Loan servicing refers to managing a loan from when the proceeds are dispersed to the borrower until the borrower repays the loan. The process includes collecting periodic payments and passing the right amounts to financial institutions, tax authorities, and other entities.
Loan servicing was traditionally a core function held within financial institutions but now has the potential of being an industry that includes third-party servicing companies, loan-originating banks, and financial institutions.
Recently, loan servicing costs have increased due to compliance with the regulations enacted to curb predatory pricing and enhance transparency in lending. The need to service millions of customers with multiple data points requires validation and matching with the documentation of each loan, posing a challenge for the industry. The lack of efficiency due to manual data entry & validation practices and the need for workflow management solutions are other loan servicing challenges that can be addressed through a cloud-native approach.

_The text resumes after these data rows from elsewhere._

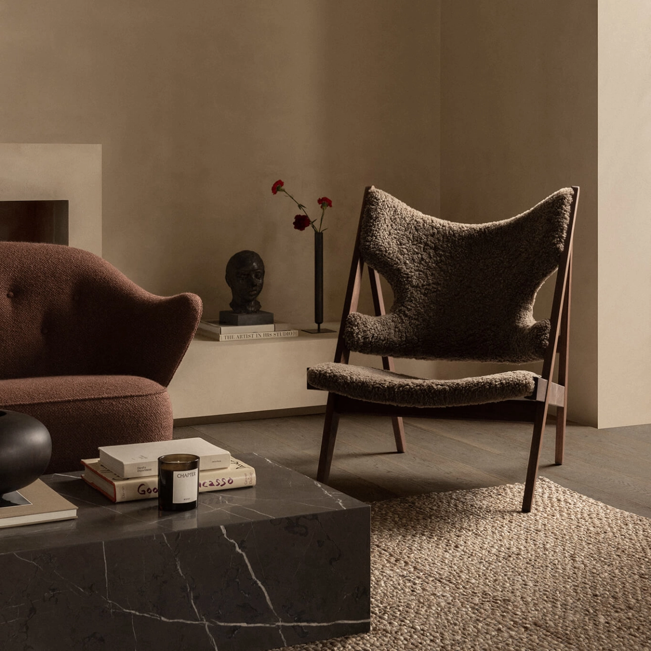 Le fauteuil KNITTING Noyer Sheepskin Sahara incarne une interprétation chaleureuse et sophistiquée du design selon Audo Copenhagen. Inspiré par la rencontre entre modernisme scandinave et savoir-faire artisanal, il déploie une silhouette fluide et élégante, sublimée par la profondeur du noyer et la douceur lumineuse de la sheepskin Sahara. L’ensemble compose une pièce sculpturale au caractère affirmé, pensée pour inscrire le confort dans une esthétique intemporelle. Sa structure en noyer, aux proportions équilibrées et au veinage expressif, dialogue avec la texture dense et enveloppante de la peau lainée Sahara pour créer une expérience d’assise généreuse et durable. Le fauteuil KNITTING trouve naturellement sa place dans un salon résidentiel raffiné, un espace lecture, un lounge ou une suite hôtelière premium, où il structure subtilement l’aménagement tout en invitant à la détente. L’alliance du bois sombre et de la sheepskin Sahara crée un contraste élégant et organique, idéal pour des projets d’architecture intérieure recherchant profondeur, chaleur et confort enveloppant. La précision d’assemblage et la justesse des proportions traduisent l’exigence de conception propre à Audo Copenhagen. La structure architecturée soutient un volume d’assise accueillant qui favorise un maintien confortable et une sensation immédiate de bien-être. Pensé pour traverser le temps sans perdre de sa modernité, le KNITTING s’impose comme une pièce signature capable de valoriser durablement un intérieur résidentiel ou hôtelier haut de gamme. Le fauteuil KNITTING se distingue par l’alliance profonde du noyer et de la sheepskin Sahara par son confort enveloppant et tactile par son écriture sculpturale subtilement réinterprétée et par sa capacité à structurer avec élégance un espace contemporain exigeant.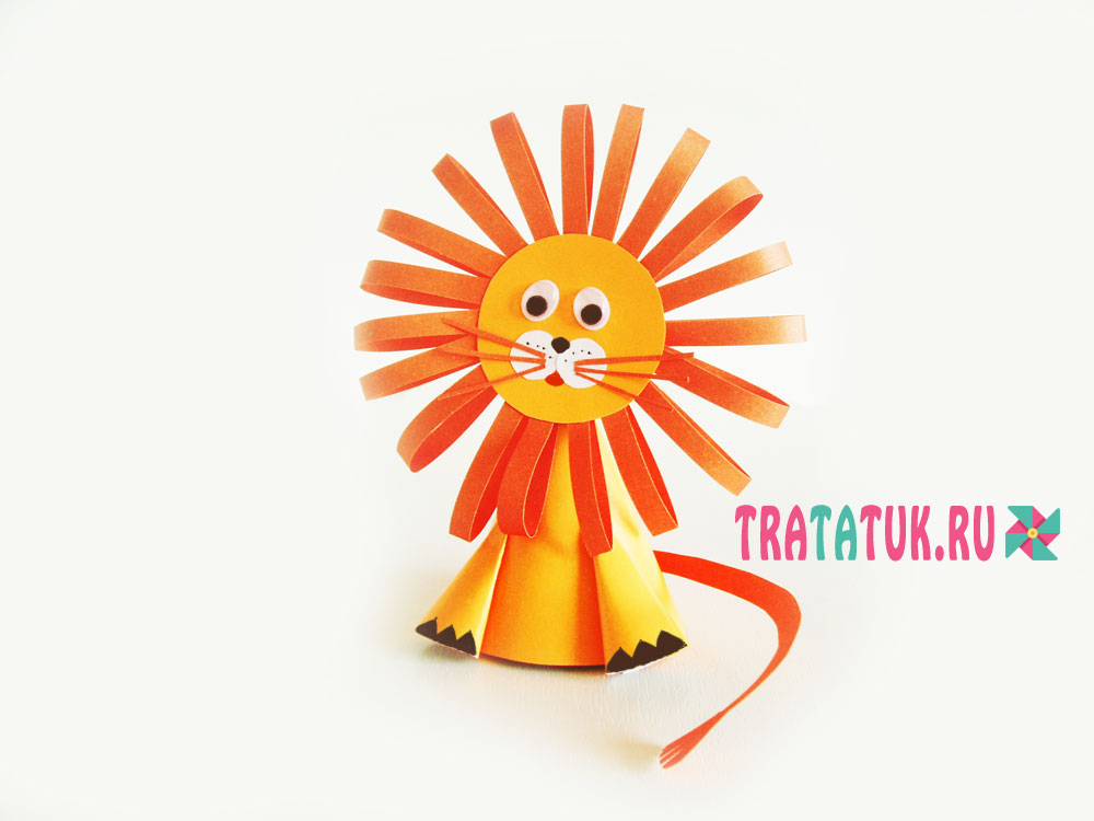Подробнее: бумажный лев из конусов и полосок.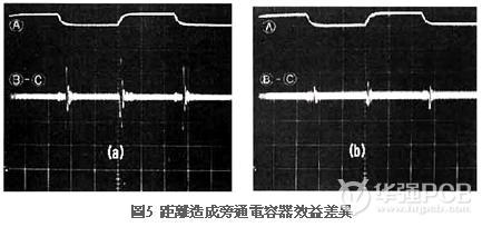 圖5是距離與旁通電容器的互動特性測試結果,圖5(a)的旁通電容器與IC的距離為10cm,圖5(b)為3cm,兩者其它條件完全相同,不過(a)與(b)的效果卻截然不同,距離為10cm時旁通電容器幾乎未發揮任何作用。

A cloud-hosted data repository helps in safe data storage and retrieval. The cloud enables servicers to ingest massive volumes of data and make it quickly available in a usable form to customer service agents. Artificial Intelligence(AI) and Machine Learning(ML) solutions offered by cloud service providers (CSP) help in understanding customer payment behavior and identifying outliers to enable businesses to make proactive interventions.
The hook here is a pre-emptive approach to solution building, as opposed to the traditional reactive approach that fintech players follow.
Adding the API layer over the potential that cloud harbors allows loan-servicing players to improve processes leading to higher efficiency and lower servicing costs.
Form a solid base of enhanced collaboration, from enabling a secure connection between loan origination and servicing systems to eliminating data entry duplication efforts to generating automated reports to reduce human errors and higher accuracy.
What keeps financial services companies away from cloud solutions?
Cloud adoption in the financial services sector is still at a nascent stage. Within the Indian financial services industry, eight corporate banks will transition their trade finance and treasury workloads to Cloud within the next two years. Indian banks have urged the Reserve Bank of India (RBI) to frame rules & guidelines to enable them to store and analyze data on the Cloud, which is critical for digital transformation.
Regulatory risks, security, and data protection concerns keep financial services companies away from cloud solutions. Besides, the heterogeneous technology environments constrict the financial firm's cloud journey.
The next chapter of Banking
The low tolerance for failure and reputational loss due to the potential exposure of sensitive customer data has constricted banks & financial institutions from large-scale cloud adoption. Cloud-native technology is vital for the scalability and agility required in today’s digital transformation initiatives, regardless of industry.
When it comes to financial institutions, the pandemic and the need to compete with nimble fintech are leading to the evolution of the risk-averse attitude of executives for cloud adoption in core banking. As the application-driven transformation grows by leaps and bounds over the next few years, engineers will continue to work with cloud-first infrastructure, to scale computing workloads to deliver quality cloud-native applications while addressing the security and reputational gaps.
Naturally, and by extension of this sentiment, Cloud Banking becomes necessary, making it the next chapter of the Banking as a Service industry.